[Stored items from a collection]

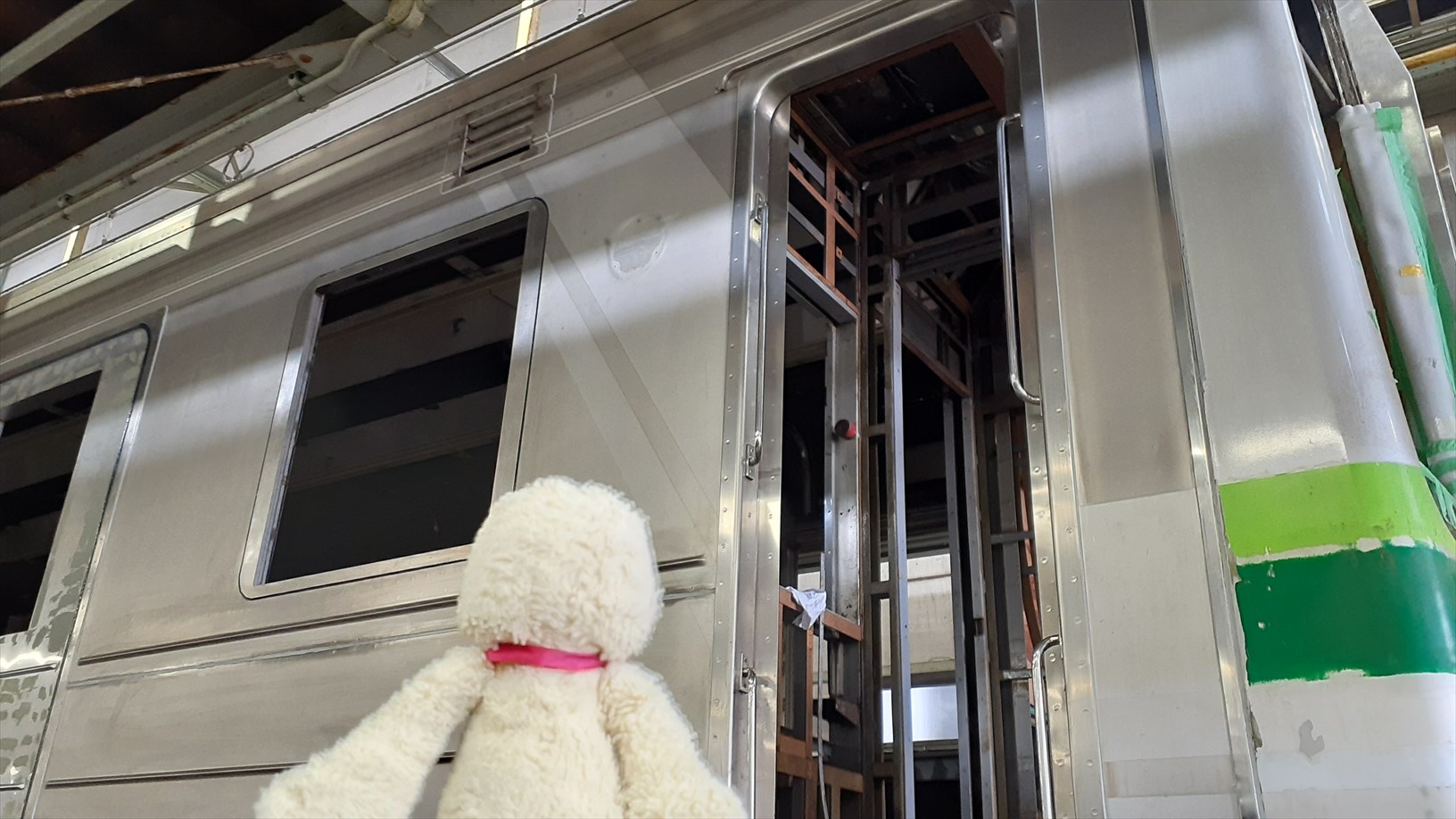 中間車両には殆どの窓が塞がれた部分も。。。どうなるの??
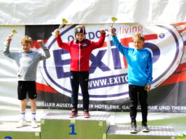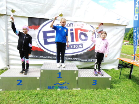 In der Klasse Kinder I gewann bei den Mädchen Magdalena Senftleben vom WSV Oberaudorf (Mitte) vor Ella Postler vom WSV Reit im Winkl (links) und Nina Scheiber vom Nordic Team Absam.
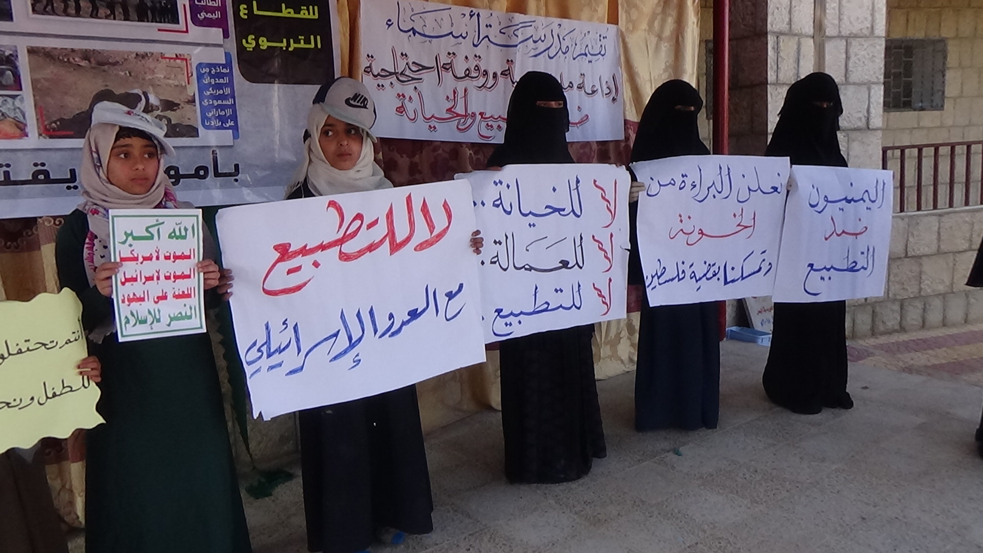 خلال الوقفة رفعت المشاركات لافتات رافضة للتتطبيع مع الكيان الصهيوني المغتصب وتحميل الأمم المتحده والمجتمع الدولي مسؤولية تمادي العدوان بارتكاب الجرائم بحق اليمن الأرض والإنسان.
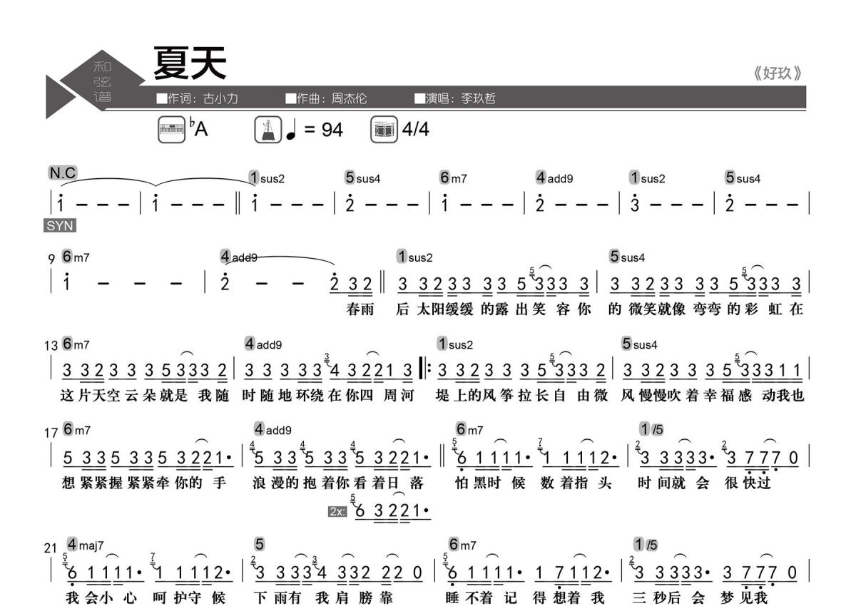 夏天简谱 - 李玖哲 - 数字级数和弦谱
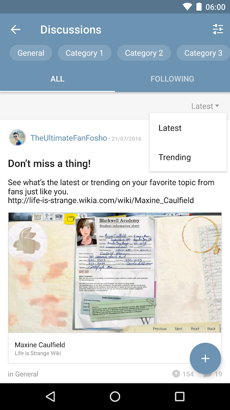 - Browsing: categories and articles created by Life is Strange's community and rank them in trending order
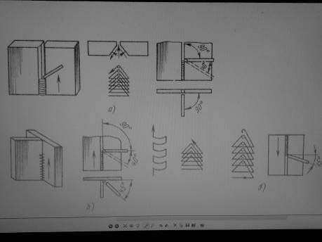 а - стыковые швы со скосом кромок, б - угловые швы, в - сварка в направлении сверху вниз
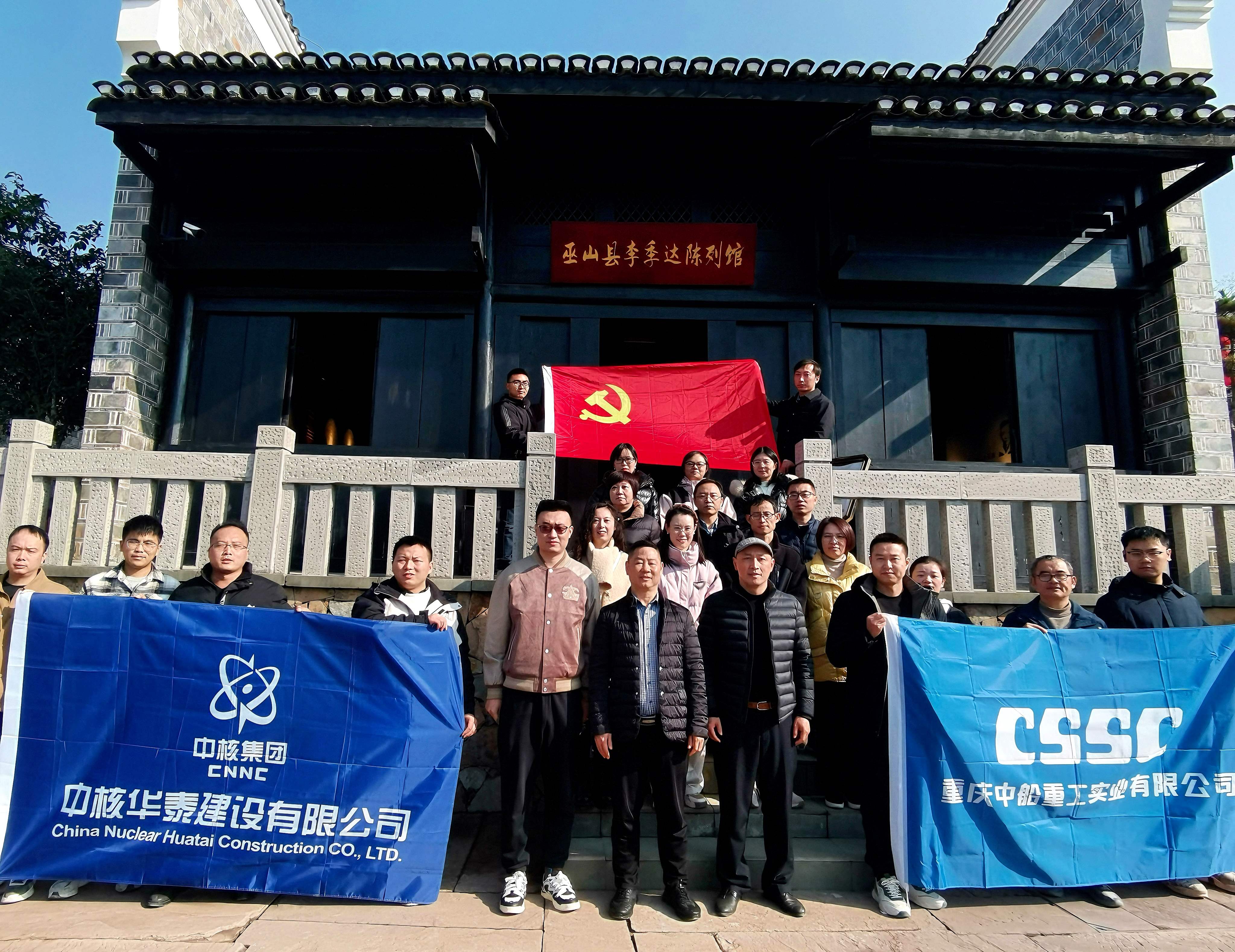 為持續深入開展黨史學習教育,追憶先烈事跡,汲取紅色力量,11月29日,中船物資實業公司萬州黨支部組織支部全體干部黨員職工,與萬州海悅城項目總包方中核華泰項目部黨支部全體黨員,一同赴重慶巫山縣李季達陳列館學習。
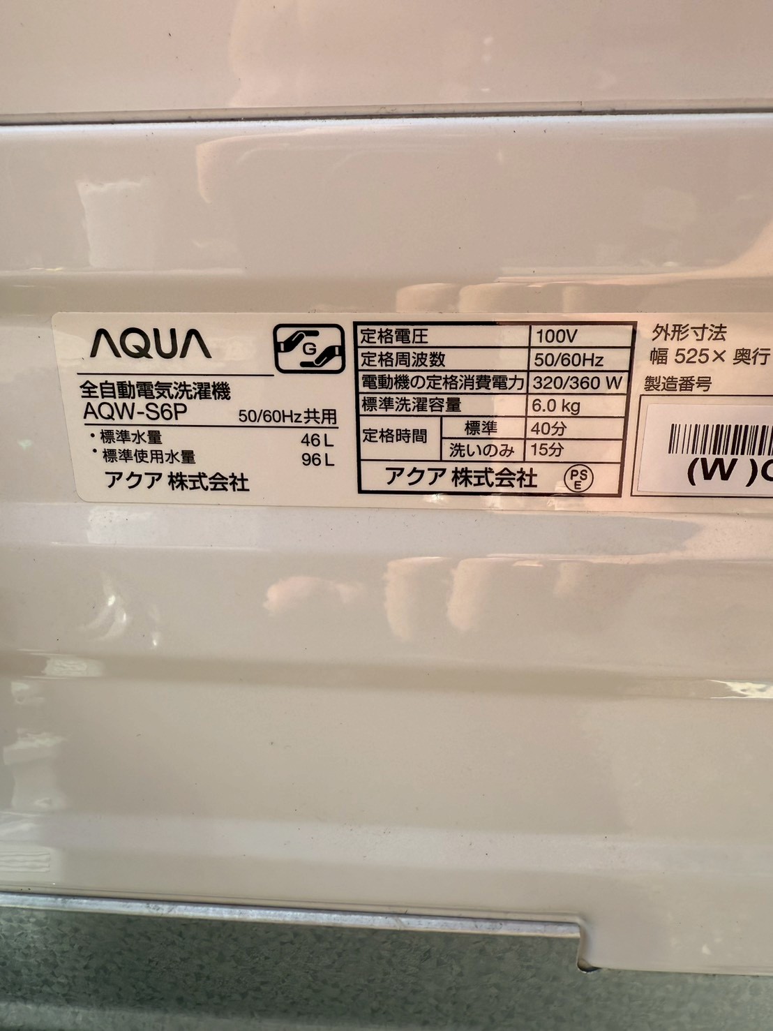 美品の洗濯機を出張買取いたしました|AQUA AQW-S6P 2024年製 |埼玉県川口市 出張買取

Assignment: Retype the data word for word and keep the pictures out of it.

Result:
 中間車両には殆どの窓が塞がれた部分も。。。どうなるの??
 In der Klasse Kinder I gewann bei den Mädchen Magdalena Senftleben vom WSV Oberaudorf (Mitte) vor Ella Postler vom WSV Reit im Winkl (links) und Nina Scheiber vom Nordic Team Absam.
 خلال الوقفة رفعت المشاركات لافتات رافضة للتتطبيع مع الكيان الصهيوني المغتصب وتحميل الأمم المتحده والمجتمع الدولي مسؤولية تمادي العدوان بارتكاب الجرائم بحق اليمن الأرض والإنسان.
 夏天简谱 - 李玖哲 - 数字级数和弦谱
 - Browsing: categories and articles created by Life is Strange's community and rank them in trending order
 а - стыковые швы со скосом кромок, б - угловые швы, в - сварка в направлении сверху вниз
 為持續深入開展黨史學習教育,追憶先烈事跡,汲取紅色力量,11月29日,中船物資實業公司萬州黨支部組織支部全體干部黨員職工,與萬州海悅城項目總包方中核華泰項目部黨支部全體黨員,一同赴重慶巫山縣李季達陳列館學習。
 美品の洗濯機を出張買取いたしました|AQUA AQW-S6P 2024年製 |埼玉県川口市 出張買取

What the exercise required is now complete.